[[ Supplied material open ]]

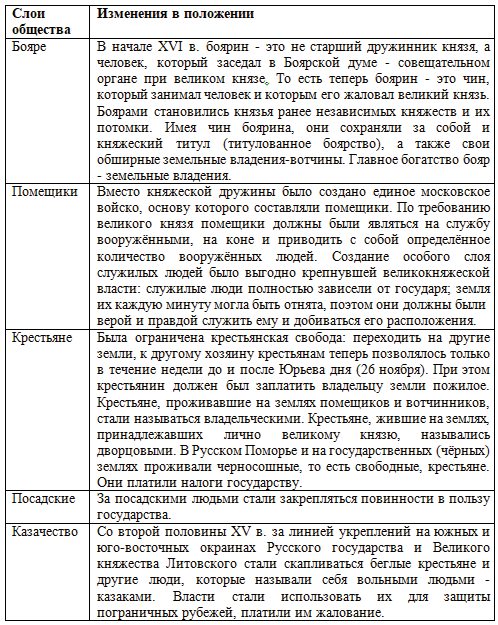 Задание 2. Заполните таблицу "Изменения в положении различных слоёв русского общества во второй половине XV в.".
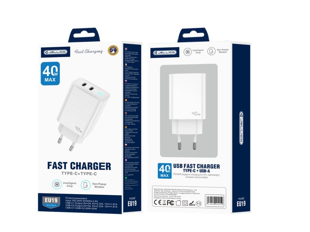 JELLICO EU19 je viac než len nabíjačka. Je zárukou rýchleho, bezpečného a efektívneho nabíjania vašich najcennejších zariadení. Biele, elegantné puzdro dokonale zapadne do každého interiéru a vďaka kompaktným rozmerom je nabíjačka ideálnym spoločníkom na cesty. Či už potrebujete rýchle nabitie doma, v práci alebo na cestách, JELLICO EU19 je voľbou, na ktorú sa môžete spoľahnúť.
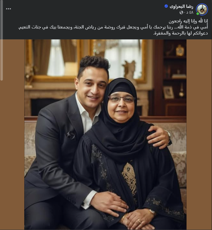 وجاء في البيان المنشور عبر صفحته على “فيسبوك”: "والدة النجم رضا البحراوي ما زالت تحت الرعاية الطبية، وتحتاج فقط الدعاء من الجميع بالشفاء العاجل. نرجو عدم تداول أي أخبار غير مؤكدة حتى الآن".
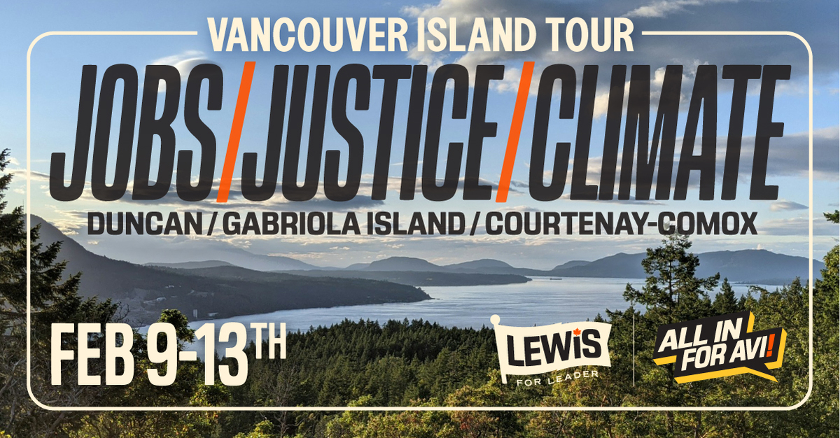 It’s time to fight for the future we deserve— one that creates good green jobs, enshrines justice, and secures a livable climate for working people. From Monday, February 9th to Wednesday, February 11th, Avi Lewis is heading out on a mini-tour of Vancouver Island to talk about how we can take on the billionaire class and fight for the bold solutions that our climate and communities deserve.
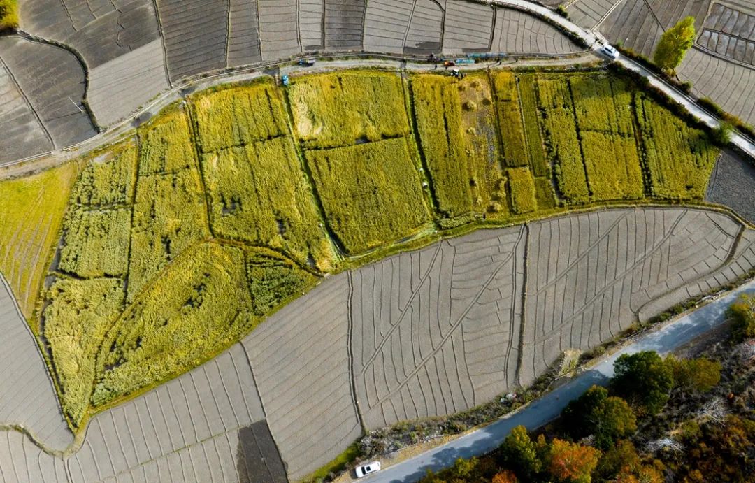 記者來到巴達(dá)村,放眼望去,稻田一片金黃,麥浪中群眾正揮舞著鐮刀,喜笑顏開地收割著親手種植的谷物——一片20畝見方的高原水稻。

[[ Supplied material closed ]]

▸ What is being asked
The required output is the exact lines from the opening line of the entries through the line with "JELLICO EU19 je viac", inclusive, without pictures.

▸ Exercise result
 Задание 2. Заполните таблицу "Изменения в положении различных слоёв русского общества во второй половине XV в.".
 JELLICO EU19 je viac než len nabíjačka. Je zárukou rýchleho, bezpečného a efektívneho nabíjania vašich najcennejších zariadení. Biele, elegantné puzdro dokonale zapadne do každého interiéru a vďaka kompaktným rozmerom je nabíjačka ideálnym spoločníkom na cesty. Či už potrebujete rýchle nabitie doma, v práci alebo na cestách, JELLICO EU19 je voľbou, na ktorú sa môžete spoľahnúť.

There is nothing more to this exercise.